Speech recognition program - need conceptual approach

Solo

New member
Joined
Apr 15, 2019
Messages
3
Location
Ashe county, NC
Programming Experience
10+
I currently have in test operation a program written in VB that uses SAPI for speech and the speech recognition facility. The PC is connected to a hardware device that the user will occasionally send hardware commands to by speaking into a mic. The program reports on the results of the operations by speaking to the user. All that works just fine. There's a limited grammar of about 25 words that are defined to the speech recognition engine. The issue is that the user in this situation is speaking continually to another person and in the course of his speaking would say one of the words defined in the grammar and thus cause the program to react. What's needed is a keyword that wouldn't turn up in the user's normal speech that he would say prior entering a spoken command. It would function much like the Alexa device where the user would first say "Alexa" before saying a command. So, the question is how to implement that function. (Don't need the code, just the approach).

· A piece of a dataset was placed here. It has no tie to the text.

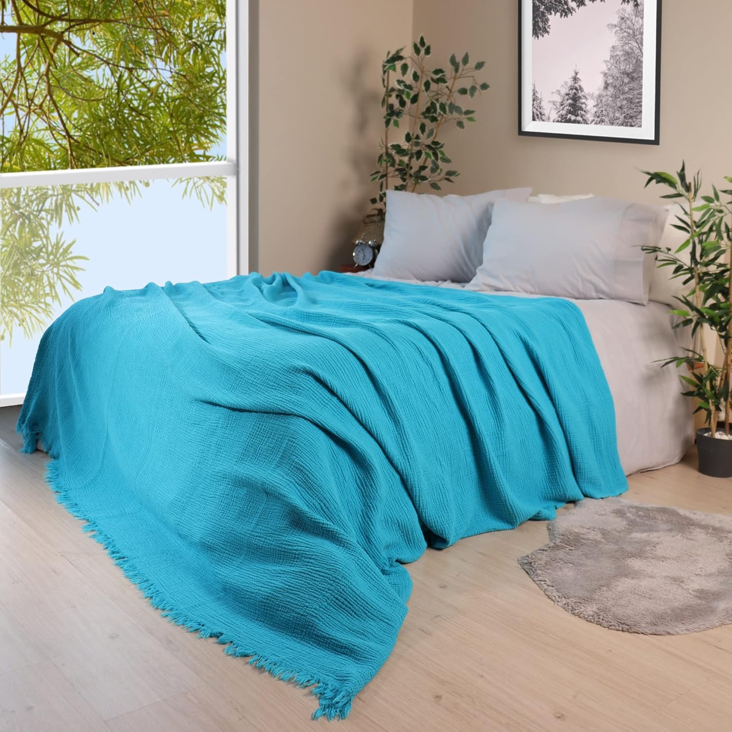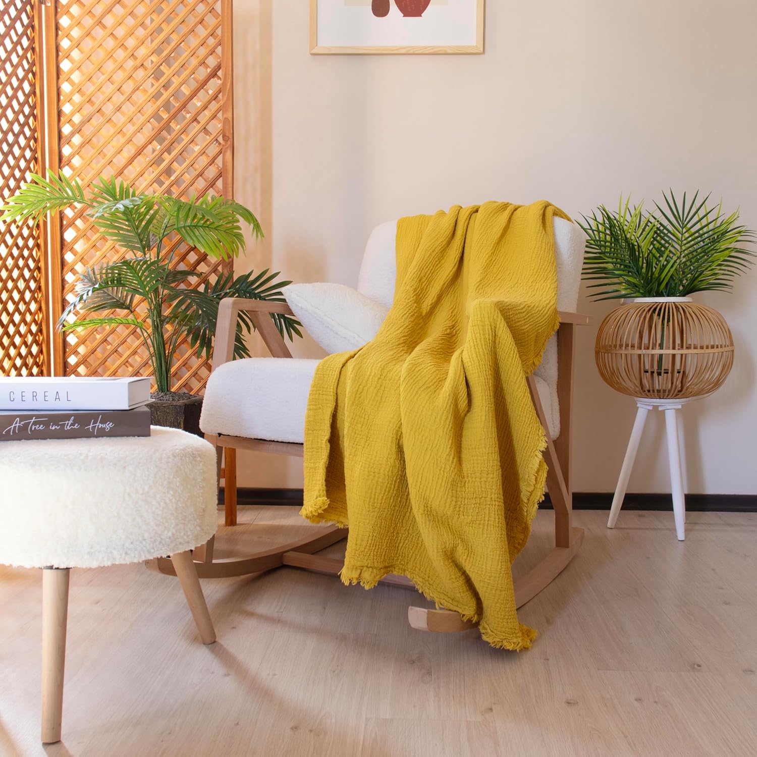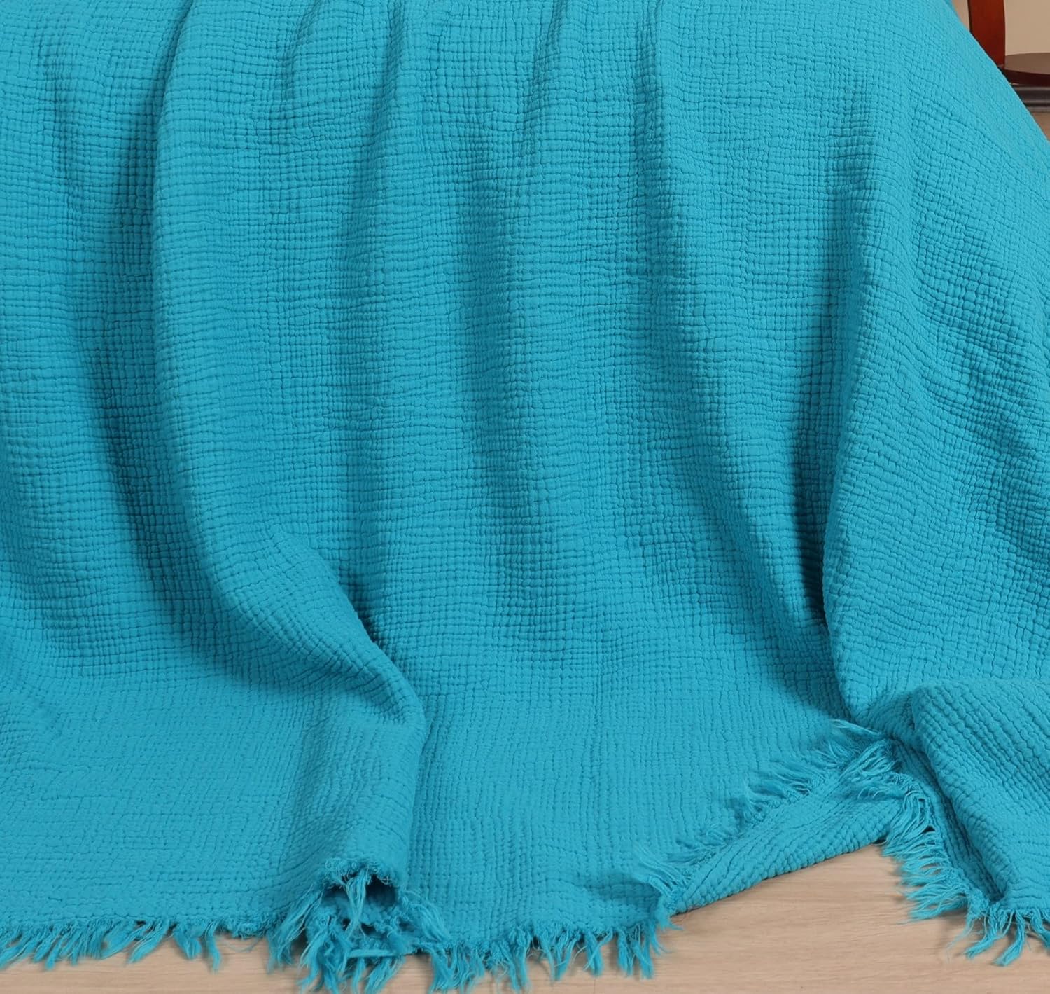| Product Care Instructions | Easy Care & Fade Resistant: This machine-washable muslin throw blankets offers hassle-free maintenance. For best results, wash at 40°C/104°F and tumble dry on low. Avoid bleach. Made from high-quality, long-staple Turkish cotton by PUSKUL TEXTIL, it gets softer with every wash, Machine Wash |

One approach might be to alter the grammar available to the speech recognition engine. On startup, the engine grammar would contain only the Alexa key word. When that word was recognized, the program would add to the grammar all the other words that could be recognized. But, it's not clear to me how then I could return the grammar to just the single key word after the detailed processing was finished. There are ways to add to the grammar, but I couldn't find a way to subtract from the grammar. I suppose that I could just stop the engine and then restart it with just the single word in the grammar.

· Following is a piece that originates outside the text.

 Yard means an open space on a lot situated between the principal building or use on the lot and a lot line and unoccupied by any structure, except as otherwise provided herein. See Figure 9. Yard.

Another approach might be to start two separate speech recognition engines, one with a one word grammar and one with the full grammar. The full grammar engine could be stopped and started by the code associated with the one word grammar. But, it's not clear whether you can have two speech recognition engines operating at one time, nor if the same mic input could be used for both.

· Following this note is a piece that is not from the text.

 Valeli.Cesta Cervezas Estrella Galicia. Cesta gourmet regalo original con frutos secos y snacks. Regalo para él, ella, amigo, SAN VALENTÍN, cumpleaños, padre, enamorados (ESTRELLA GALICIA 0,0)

Any suggestions on the best solution for this?
 
I have not worked with speech recognition, but have read some articles from time to another, I found this with a seach now: Voice Recognition - Speech Recognition with .NET Desktop Applications
The example here is similar to what you ask, it has start-stop commands in one grammar and other functionality in another, multiple grammars can be loaded and listened to at the same time. In SpeechRecognized it checks for start-stop first and toggles a Boolean field (speechOn) and uses this to determine whether to process other recognized speech. Similar you could have a single start keyword that enables recognizing commands, and following a recognized command you would set the boolean to false again and only the start word would be processed.
In short: one SpeechRecognitionEngine with multiple active grammars, where one of them is just the start command.
What should happen if start word is detected, but no commands follow is up to you, but I would probably use a Date type field too and set speechOn to false if it took too long time between start and command.
 
Thanks for the info. Conceptually, that's what I'm trying to accomplish but the mechanics of doing the grammar changes are apparently quite different between C and Visual Basic. I just am not able to decipher the C code and effectively translate it into Visual Basic. While some of the terms are the same, the structures appear to be quite different. So far, I've found that removing one of the grammars and then stopping/starting the speech engine doesn't prevent the engine from recognizing words that were in only the deleted grammar. I'll keep experimenting and see what I can figure out.
 
The example is in C#, there are some semicolons and curly brackets but it's not very different from VB. Look up a C# VB converter online and you get VB sample code. For instance taking the first find Code Converter C# to VB and VB to C# – Telerik I get this
VB.NET:
Imports System
Imports Microsoft.Speech.Recognition
Imports Microsoft.Speech.Synthesis
Imports System.Globalization

Namespace ConsoleSpeech
    Class ConsoleSpeechProgram
        Shared ss As SpeechSynthesizer = New SpeechSynthesizer()
        Shared sre As SpeechRecognitionEngine
        Shared done As Boolean = False
        Shared speechOn As Boolean = True

        Private Shared Sub Main(ByVal args As String())
            Try
                ss.SetOutputToDefaultAudioDevice()
                Console.WriteLine(vbLf & "(Speaking: I am awake)")
                ss.Speak("I am awake")
                Dim ci As CultureInfo = New CultureInfo("en-us")
                sre = New SpeechRecognitionEngine(ci)
                sre.SetInputToDefaultAudioDevice()
                sre.SpeechRecognized += AddressOf sre_SpeechRecognized
                Dim ch_StartStopCommands As Choices = New Choices()
                ch_StartStopCommands.Add("speech on")
                ch_StartStopCommands.Add("speech off")
                ch_StartStopCommands.Add("klatu barada nikto")
                Dim gb_StartStop As GrammarBuilder = New GrammarBuilder()
                gb_StartStop.Append(ch_StartStopCommands)
                Dim g_StartStop As Grammar = New Grammar(gb_StartStop)
                Dim ch_Numbers As Choices = New Choices()
                ch_Numbers.Add("1")
                ch_Numbers.Add("2")
                ch_Numbers.Add("3")
                ch_Numbers.Add("4")
                Dim gb_WhatIsXplusY As GrammarBuilder = New GrammarBuilder()
                gb_WhatIsXplusY.Append("What is")
                gb_WhatIsXplusY.Append(ch_Numbers)
                gb_WhatIsXplusY.Append("plus")
                gb_WhatIsXplusY.Append(ch_Numbers)
                Dim g_WhatIsXplusY As Grammar = New Grammar(gb_WhatIsXplusY)
                sre.LoadGrammarAsync(g_StartStop)
                sre.LoadGrammarAsync(g_WhatIsXplusY)
                sre.RecognizeAsync(RecognizeMode.Multiple)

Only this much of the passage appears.